"Either we will have an awakening, or we will have a wake."
-- Swami Beyondananda
Every year on this date, the "impropaganda" machine reminds Americans why we've been enlisted in an "endless war". This year for the first time, I sense that a critical mass of the heretofore-uncritical masses, aren't buying it. The sleeping giant called "we the people" has begun to awaken.
The events of September 11, 2001 sent a shock wave of pain through our body politic, and in that most vulnerable state we acquiesced to a de facto Orwellian police state. The name "Patriot Act" reeks of newspeak and double-think, and now finally enough of us have come to realize that it is indeed a patriot "act" -- what our friend Caroline Casey would call a "toxic mimic" of the real thing.
Grace works in mysterious ways.
This year has seen the revelations about NSA spying, and one example after another of an unchecked and unbalanced corporate state riding roughshod over the will and interests of the people. Disillusioned progressives watched as Obama has supported corporate rights to profit at any cost, over public welfare. The banks are in charge of our economy. Monsanto is in charge of agriculture. And after some rhetorical fancy dancing, it's likely that Obama will give the Democratic Party's stamp of approval to fracking too, putting gas and oil firmly in charge of energy policy.
Last November, I wrote that re-electing Obama would move the upwising forward, and boy was I right. As Swami jokingly yet seriously put it, "I'd rather have positive change in small increments than negative change in large excrements."

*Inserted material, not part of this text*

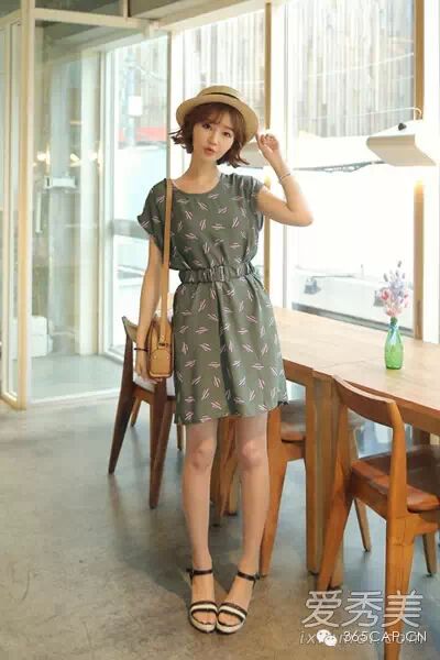 清新怡人的绿色印花连衣裙,轻盈的雪纺材质,柔软飘逸,更显灵动和柔美,很有淑女味道,配经典的小草帽,好看又实用。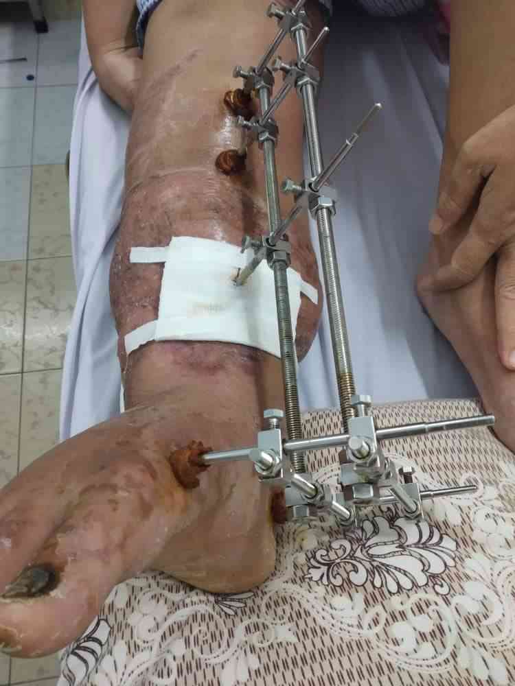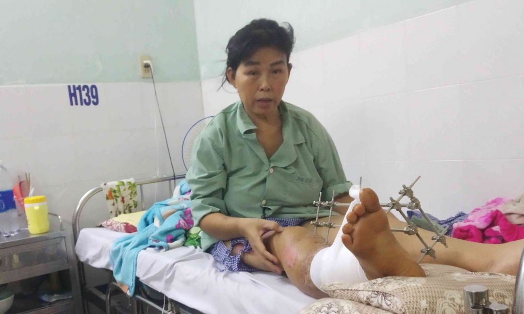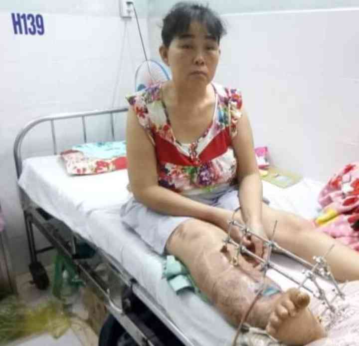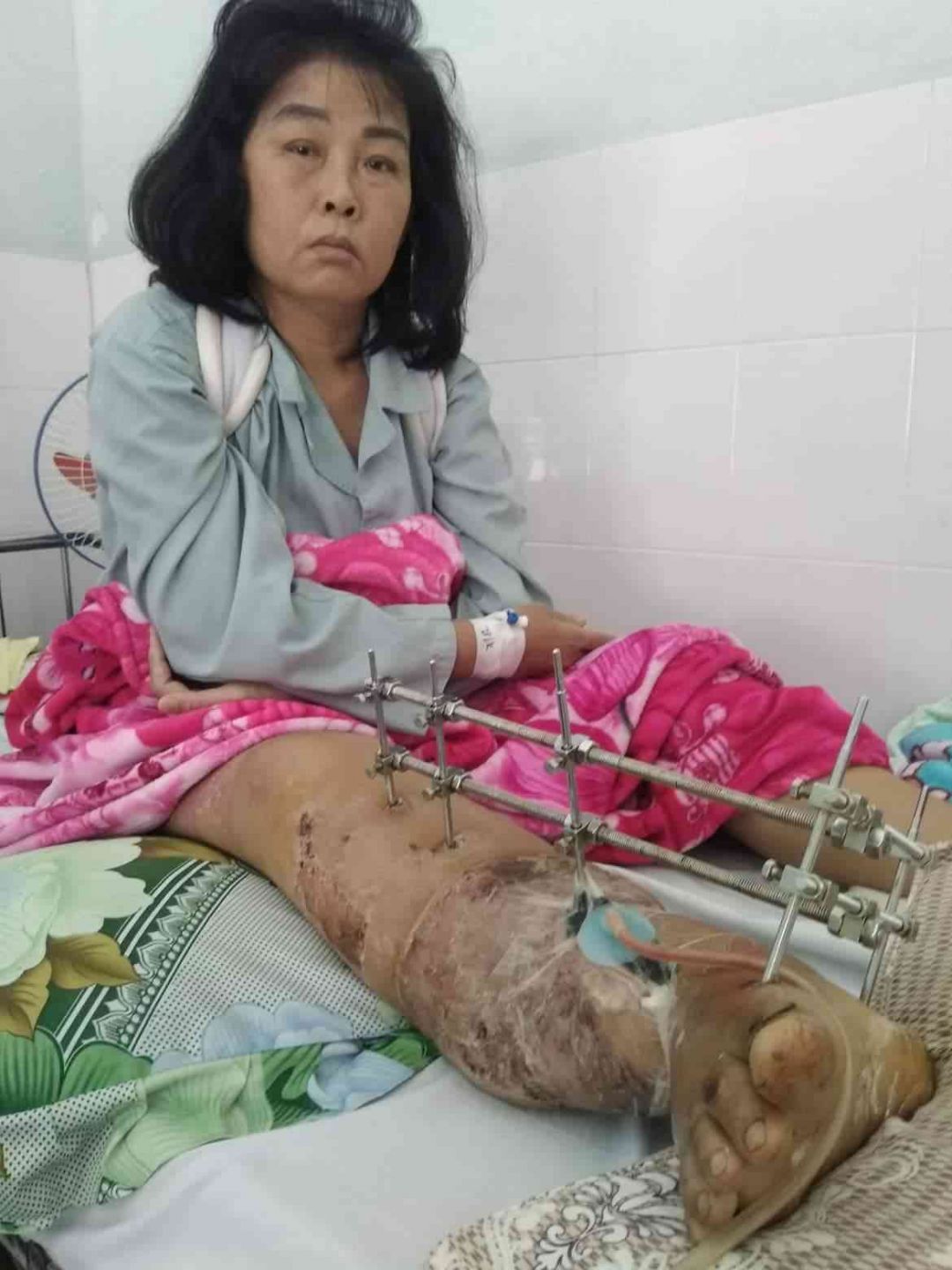 Chân chị bị dập, gãy sương, mổ và ghép xương và da đợt 1 không thành công nên hiện giờ chị phải dương thương đêt đợi đợt mổ lần 2.

Obama's election, and his continued loyal service to the corporate state, has forced both progressives and conservatives to reexamine their ideology and confront their programming. Conservatives, who had long been counted on to patriotically support any military effort, are in cognitive dissonance because they don't trust the commander-in-chief or the federal government.
And in spite of Ron Paul being marginalized by the corporate Republican power structure, his ideas have reverberated throughout the Republican mainstream. Awakening conservatives are asking, "Who exactly is our military protecting, and why?" They are rightly alarmed at the nationalization of local police forces, and they are as concerned about wars of empire, GMO foods and America becoming an incarceration state as progressives are.
An emerging new alignment was vividly illustrated by the recent vote on defunding the NSA's collecting of phone records. A coalition of progressive Democrats and libertarian conservatives came within seven votes of passing that resolution in the House.
The same thing happened with the plan to bomb Syria, only this time the overwhelming opposition from people across the political spectrum has forced President Obama and Secretary of State Kerry to head straight for the only diplomatic port in the storm. If good fortune is with us, we will be able to "save face" without losing our ass.
The Little Boy Who Cried Wolfowitz
For the first time since September 11, 2001 the energy in the body politic seems to have shifted from emergency to emerging and seeing. The Irony Curtain is becoming transparent indeed, and it may not be long before an awakening body politic has a Lone Ranger and Tonto moment. You've probably heard the story about the Lone Ranger and Tonto being caught in an ambush. "Well, Tonto," says the Masked Man, "we're surrounded by Indians. Looks like we're done for."
And Tonto says, "What you mean WE, kemosabe?"
In fact, that moment may be here now. As the neocons and neo-libs have beat the drums to bomb Syria, Americans have been saying en masse, "What you mean WE?"
The bipartisan coalition of "cons" have cried Wolfowitz one time too many, and we are no longer sheepishly following or swallowing. And with this awakening, let's part the curtains on a truly jaw-dropping statistic. For twenty points and a chance to compete in the enlightening round, what percentage of Americans believe Congress deserves our trust and confidence?